Tydzień na krajowym rynku walutowym (2-6 października 2000r.)
Złoty zaczął tracić na wartości już w poniedziałek po południu, we wtorek sprzedaż złotego sprowadziła kurs do poziomu USD/PLN 4,5850. Przed głębszą deprecjacją uchroniła nadzieja na przewalutowania reszty płatności za TP S.A.
Tydzień na krajowym rynku walutowym zaczął się bardzo nerwowo. W poniedziałek NBP podał dane o sierpniowym deficycie na rachunku obrotów bieżących. Wyniósł on 991 mln USD. Dane za lipiec nieznacznie rewidowano do góry. Wysokość deficytu przekroczyła nawet najbardziej pesymistyczne prognozy. W sierpniu zaznaczyły się dwa negatywne czynniki. Spadła wysokość eksportu, potwierdzając obawy, że niskie poziomy kursu euro odbiją się negatywnie na bilansie handlowym Polski z Unią. Wzrósł poziom importu, głownie na skutek wysokich cen ropy naftowej. Chociaż oczekiwaliśmy niższego deficytu, uważamy, że dane nie są aż tak niepokojące. Wszystkie dostępne dane wskazują na stabilizację popytu wewnętrznego, a ceny ropy powinny do końca roku 2001 spaść do 25 USD za baryłkę, co daje nadzieję, że ich negatywny wpływ na poziom importu będzie chwilowy. Bardziej niepokoi nas spadek eksportu, ale za wcześnie by mówić o odwróceniu pozytywnego trendu ostatnich miesięcy. Sierpniowy deficyt stanowi 7,7 proc. PKB. Według przedstawicieli RPP prognoza spadku deficytu do poziomu 7,2 a nawet 7,00 proc. na koniec roku pozostaje nadal realna.

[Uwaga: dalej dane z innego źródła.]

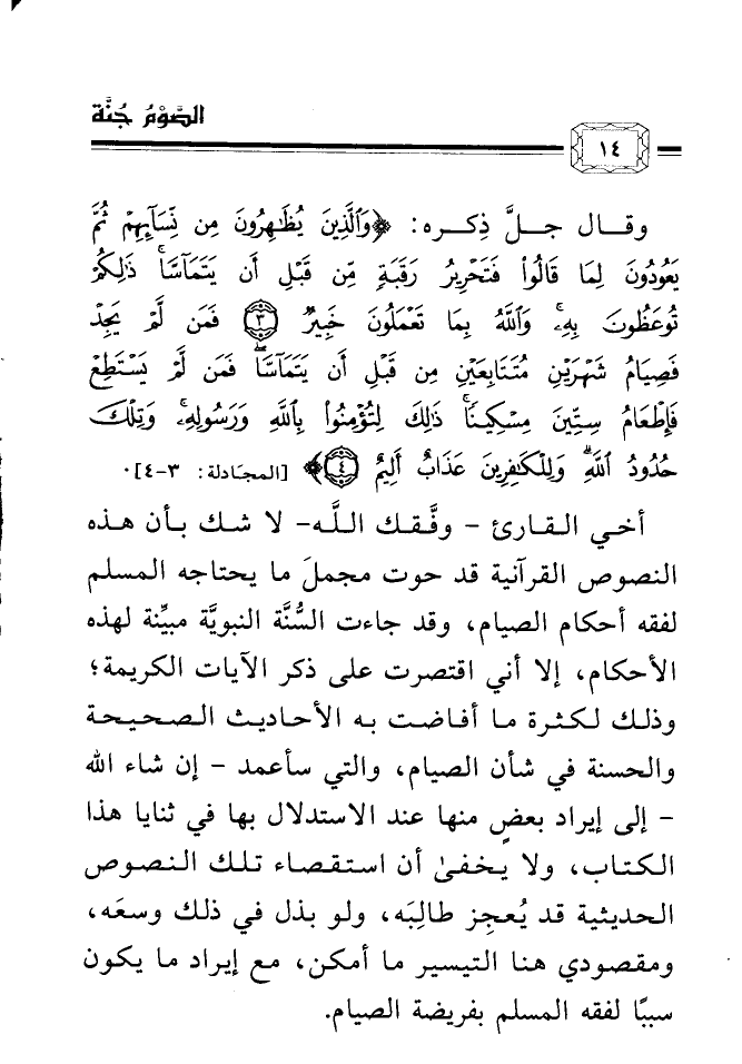 وقال جلَّ ذِكره: {وَالَّذِينَ يُظَاهِرُونَ مِنْ نِسَائِهِمْ ثُمَّ يَعُودُونَ لِمَا قَالُوا فَتَحْرِيرُ رَقَبَةٍ مِنْ قَبْلِ أَنْ يَتَمَآسَّا ذَلِكُمْ تُوعَظُونَ بِهِ وَاللَّهُ بِمَا تَعْمَلُونَ خَبِيرٌ *فَمَنْ لَمْ يَجِدْ فَصِيَامُ شَهْرَيْنِ مُتَتَابِعَيْنِ مِنْ قَبْلِ أَنْ يَتَمَآسَّا فَمَنْ لَمْ يَسْتَطِعْ فَإِطْعَامُ سِتِّينَ مِسْكِيناً ذَلِكَ لِتُؤْمِنُوا بِاللَّهِ وَرَسُولِهِ وَتِلْكَ حُدُودُ اللَّهِ وَلِلْكَافِرِينَ عَذَابٌ أَلِيمٌ *} . [المجَادلة: 3-4]

Złoty zaczął tracić na wartości już w poniedziałek po południu, we wtorek sprzedaż złotego sprowadziła kurs do poziomu USD/PLN 4,5850. Przed głębszą deprecjacją uchroniła nadzieja na przewalutowania reszty płatności za TP S.A. Ministerstwo Finansów poinformowało, że do 12 października otrzyma całą kwotę za jaką sprzedano akcje spółki.
Złe dane o deficycie spowodowały, że inwestorzy jeszcze z większym niepokojem śledzili wszystkie informacje o planowanym na 2001 rok deficycie budżetowym. Zwiększenie deficytu z planowanych 1,6 proc PKB spowodowałoby zwiększenie popytu wewnętrznego, który znajdzie przełożenie na wyższy import i doprowadził do zachwiania gospodarki, a według niektórych ekonomistów w dłuższym okresie do kryzysu walutowego.
Minister Bauc zapewnił, że deficyt zapisany w projekcie ustawy budżetowej traktuje jako "nienaruszalny". Pozytywną stroną słabszych danych o deficycie na rachunku obrotów bieżących może być podwyższona presja by nie zwiększać poziomu deficytu budżetowego.
Rząd będzie dyskutował nad projektem budżetu we wtorek, o ustalenia jakie zapadną będą miały wpływ na notowania złotego w ciągu kolejnych sesji.
W środę Ministerstwo Łączności ogłosiło przetarg na licencje UMTS. Wartość jednej licencji została obniżona z 750 do 650 mln euro (przy założeniu, że przyznanych zostanie 5 licencji). Informacja ta nie wpłynęła na kurs złotego. Prawdopodobnie już wcześniej została zdyskontowana przez rynek.
Inwestorzy pozytywnie odebrali dane GUS o cenach żywności za drugą połowę września. Mimo, że wzrost m/m wyniósł 2,1 proc i był nieco wyższy od oczekiwań, inflacja za wrzesień powinna spaść do poziomu 10,4 proc.
W sumie w ciągu tygodnia złotówka straciła na wartości ponad 4 grosze. W poniedziałek kurs otwarcia wynosił 4,5120, w piątek po południu złotego do dolara wyceniono na 4,5550.
Najbliższy tydzień na krajowym foreksie przyniesie duże wahania kursu. We wtorek uwagę wszystkich przyciągnie debata budżetowa, w końcu tygodnia oczekujemy osłabienia złotego po sfinalizowaniu płatności za TP S.A. Zbliżające się wybory prezydenckie nie mają najmniejszego wpływu na rynek. Nic dziwnego, ich wynik został zdyskontowany kilka miesięcy wcześniej.
Oczekujemy spadku kursu USD/PLN do poziomu 4,5200 na początku tygodnia. Koniec tygodnia przyniesie osłabienie złotego do USD/PLN 4,5700.